The Couch encrypts data during transit through the secure socket layer (“SSL”) protocol and may mount a system so that it is encrypted using Transport Layer Security 1.2 (TLS) with an industry standard AES-256 cipher. TLS is a set of industry-standard cryptographic protocols used for encrypting information that is exchanged over the network. AES-256 is a 256-bit encryption cipher used for data transmission in TLS. The Couch uses encryption at rest that is aligned or surpasses HIPAA encryption requirements.
Encryption at Rest
Encryption of data applies to the following use cases:
- Personal and Customer Data: Any data that identifies personal data through unique field values that would reveal personal identity information of a The Couch customer. Example: customer email or phone number. Any customer data that is business transactional in nature such as billing information.
- PHI Metadata: Any data that is required to be shared with the other medical providers, participating websites, or partner that is abstracted from an individual identity but can be used as an identifying field. An example of such information are the individual consent form data signed at registration.
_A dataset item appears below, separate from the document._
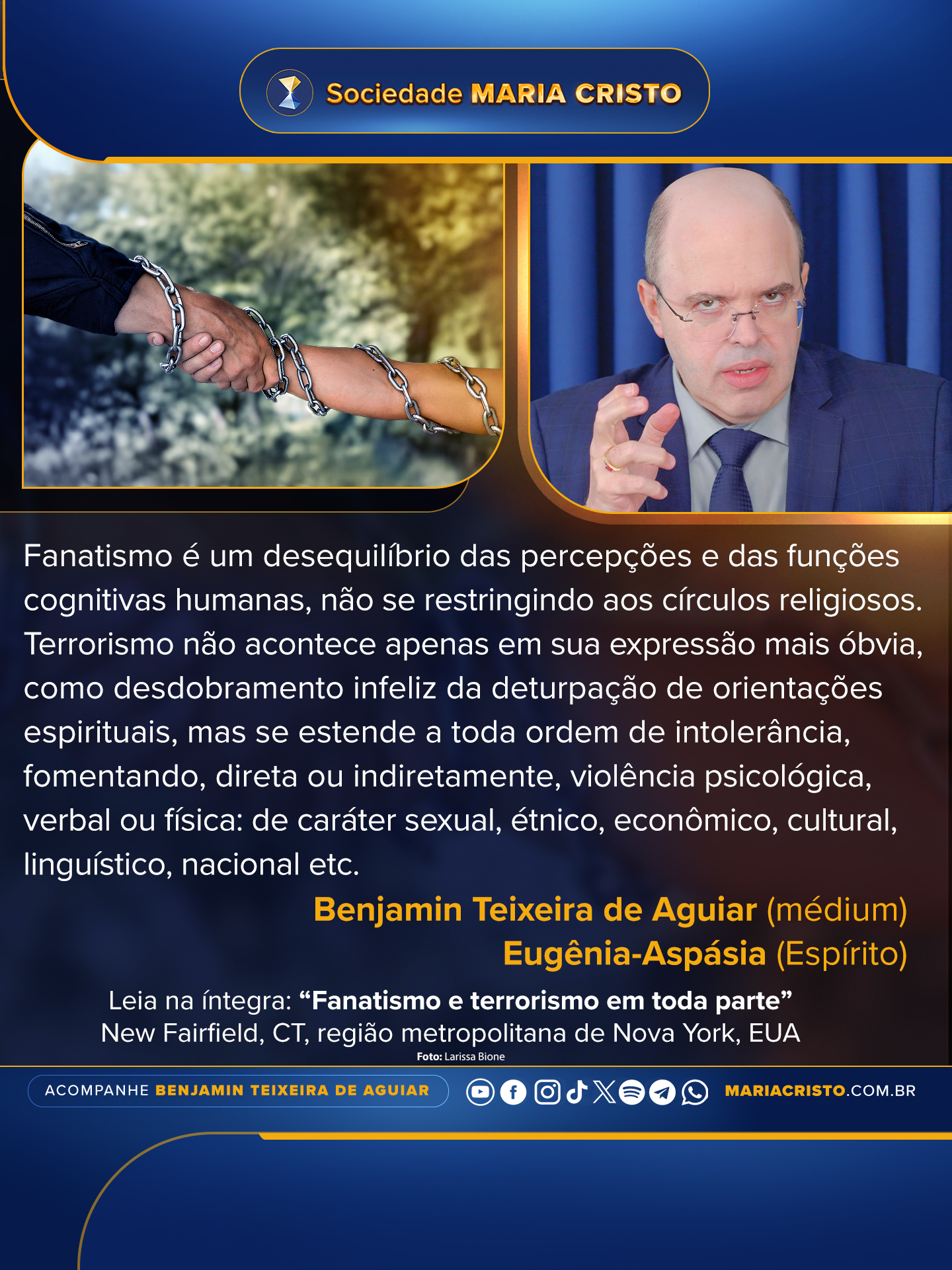 Terrorismo não acontece apenas em sua expressão mais óbvia, como desdobramento infeliz da deturpação de orientações espirituais, mas se estende a toda ordem de intolerância, fomentando, direta ou indiretamente, violência psicológica, verbal ou física: de caráter sexual, étnico, econômico, cultural, linguístico, nacional etc.

Encryption for Storage/Backups
Data storage: All The Couch data stores are encrypted via Amazon S3 encryption via AWS Key Management Service (KMS).
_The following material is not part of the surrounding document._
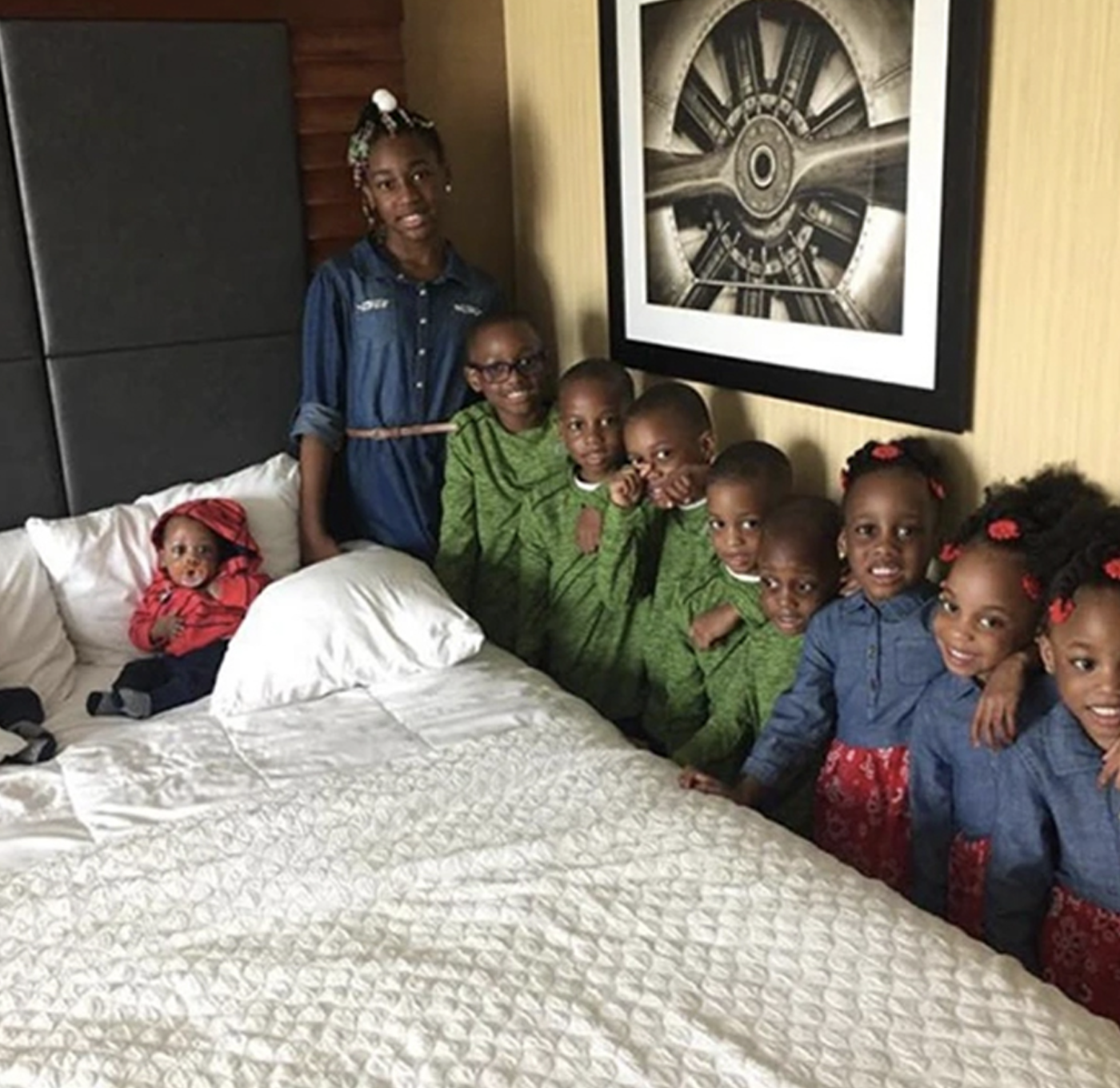 Each was delivered between 11.17am and 11.21am on Friday, September 6. In keeping with family tradition, the babies’ names all start with the letter ‘D’: Deniko, Dariz, Deonee, Daician and Daiten. They joined the Derricos’ seven-year-old daughter, Dai, a three-year-old son, Deon, and one-year-old twin Bᴏʏs, Dallas and Denver. The mother didn’t know the babies’ genders prior to birth, hospital officials said, and she announced ‘boy’ or ‘girl’ as each baby was presented to her in the delivery room. Even though they already had twins and have other multiple births in their families, the couple was Sᴛᴜɴned. Doctors said the chances of her carrying quintuplets was one in a couple of million.

Key management: Keys used for data encryption or key encryption are stored in the cloud KMS or by using the software vault secrets engine.
Access management: Identity and Access Management (IAM) roles are used for encrypt/decrypt permissions based on policies of \ least privilege access to data.
Cryptography details:
https://docs.aws.amazon.com/kms/latest/cryptographic-details/intro.html
IV, Assessments and Certifications
SOC 2
The Couch currently uses Type II SOC 2 certified database technology as part of its system to properly protect PHI stored in the database. Although we are not able to provide that report to you we commit to that fact that we only use properly secured databases in our system design.
HIPAA Certified Systems
The Couch currently uses HIPAA certified technology as part of its system to properly protect PHI as it is processed through the system specifically as it relates to prescriptions.
Penetration Testing
In addition to using SOC II and HIPAA certified technology to support the system, the Couch implements private penetration testing with the system development lifecycle specifically when there is a major change to the design of the system.
If you have a request for additional certification information, please\ email your request to: info@thecouch.com
V. Risk Management
Risk Management
The Couch implements a risk management process designed to identify, assess, and prioritize security risks with the aim of minimizing, monitoring, and mitigating risks based on priority.
Risk Management Process and Methodology:
The Couch security team conducts a risk review of all business assets, processes and services (external and internal) at least annually in a series of meetings with key stakeholders and business owners.
In addition to annual reviews, a risk review is also conducted whenever a major physical, environmental, personnel-related, regulatory, or technological change is undertaken.
Third-party Risk Management
The Couch requires all technology companies with integrations or access to customer or company confidential data to complete an assessment and execute a Data Processing Agreement as part of the onboarding and contract renewal process.
Incident Response Policy
The Couch established an incident management policy, which defines the individuals responsible for responding to a security incident, the responsibilities of those individuals during each phase of the incident response process – detection, analysis, containment, eradication, recovery, and post-incident activities, communication channels, escalation procedures, and procedures to record and track evidence during the incident investigation process.